Required work: Only the lines from the one containing "[검은사막 모바일 퀘스트] 수수께끼 시작 - 편지 내용을 풀어보자" through the end of the listing belong in the answer, repeated exactly, with no pictures.

Data block:
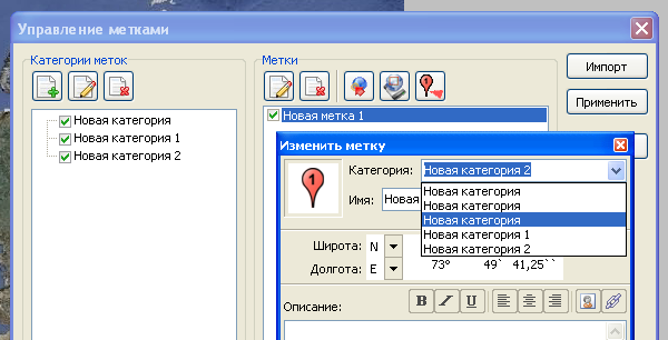 | Description | Если сделать две или более категории с одинаковыми именами, то в диалоге "Управление метками" будет доступна только одна из них. При этом, в свойствах меток по-прежнему виден весь список. | ||||||||
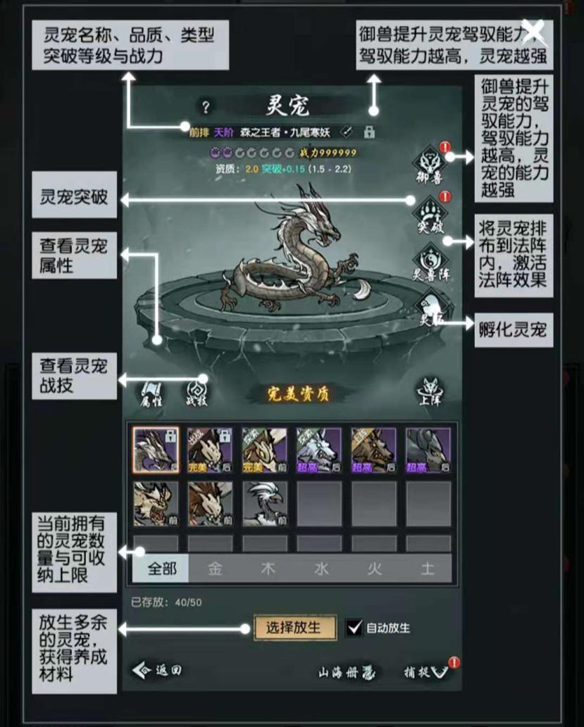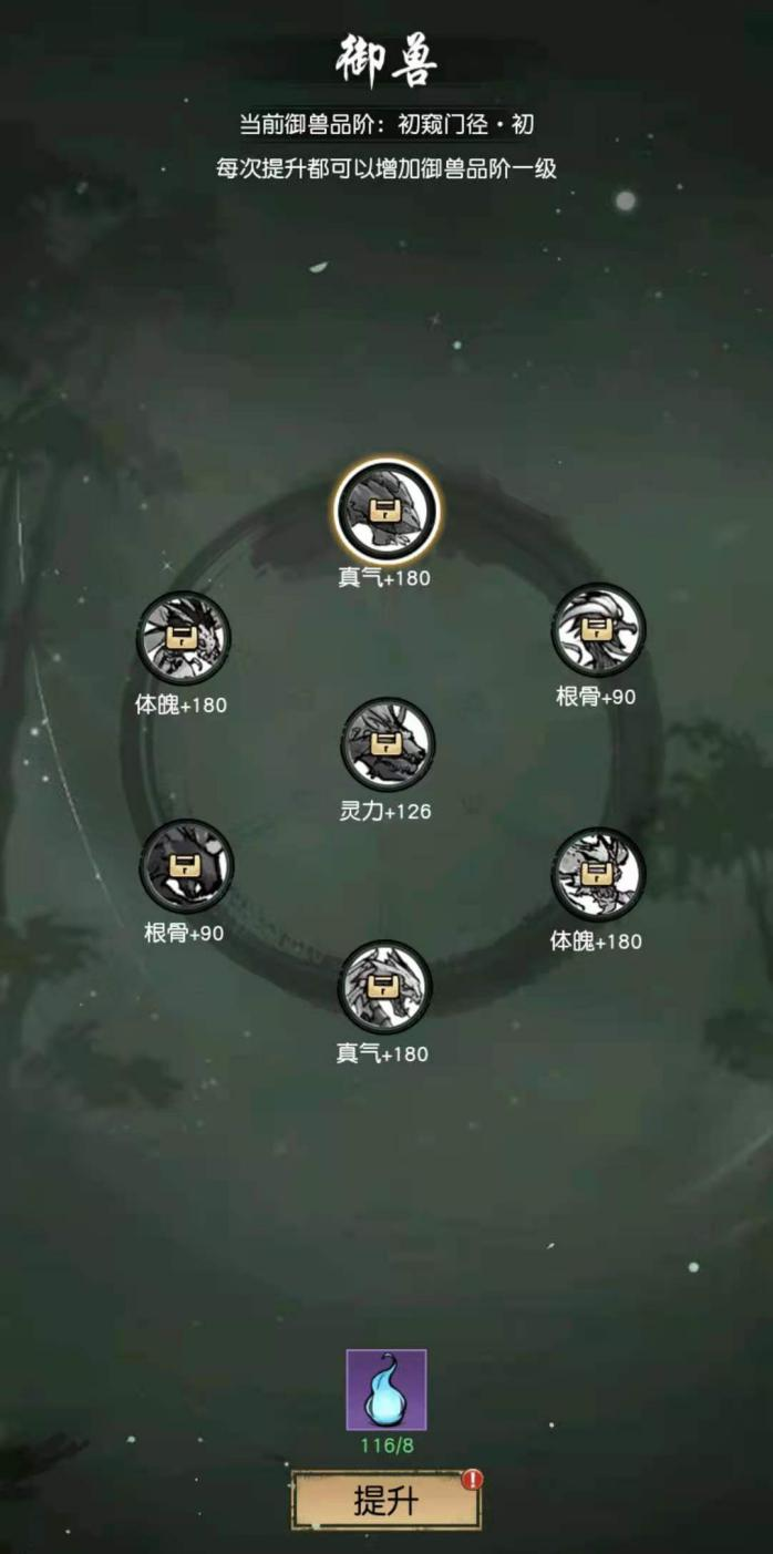 在通过主线7-16后可以解锁御兽。御兽可以提升灵宠的面板属性,但受限于灵魄量和玩家境界。灵魄可以通过放生灵宠、商店和日常任务获取。
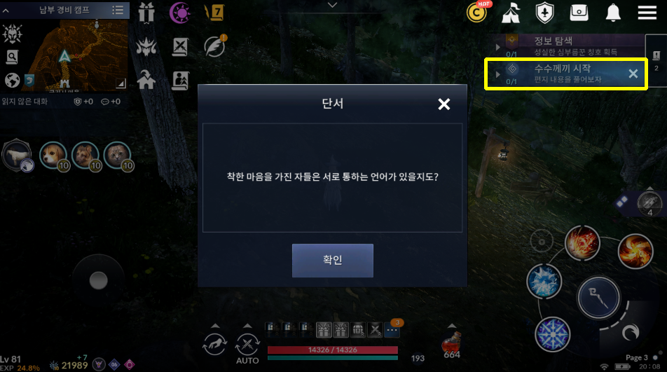 [검은사막 모바일 퀘스트] 수수께끼 시작 - 편지 내용을 풀어보자
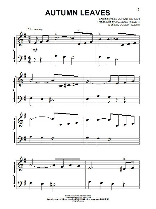 Download or print Joseph Kosma Autumn Leaves sheet music, chords and digital score arranged for Real Book – Melody & Chords – Bb Instruments. This Jazz score includes 1 page(s).

Written answer:
 [검은사막 모바일 퀘스트] 수수께끼 시작 - 편지 내용을 풀어보자
 Download or print Joseph Kosma Autumn Leaves sheet music, chords and digital score arranged for Real Book – Melody & Chords – Bb Instruments. This Jazz score includes 1 page(s).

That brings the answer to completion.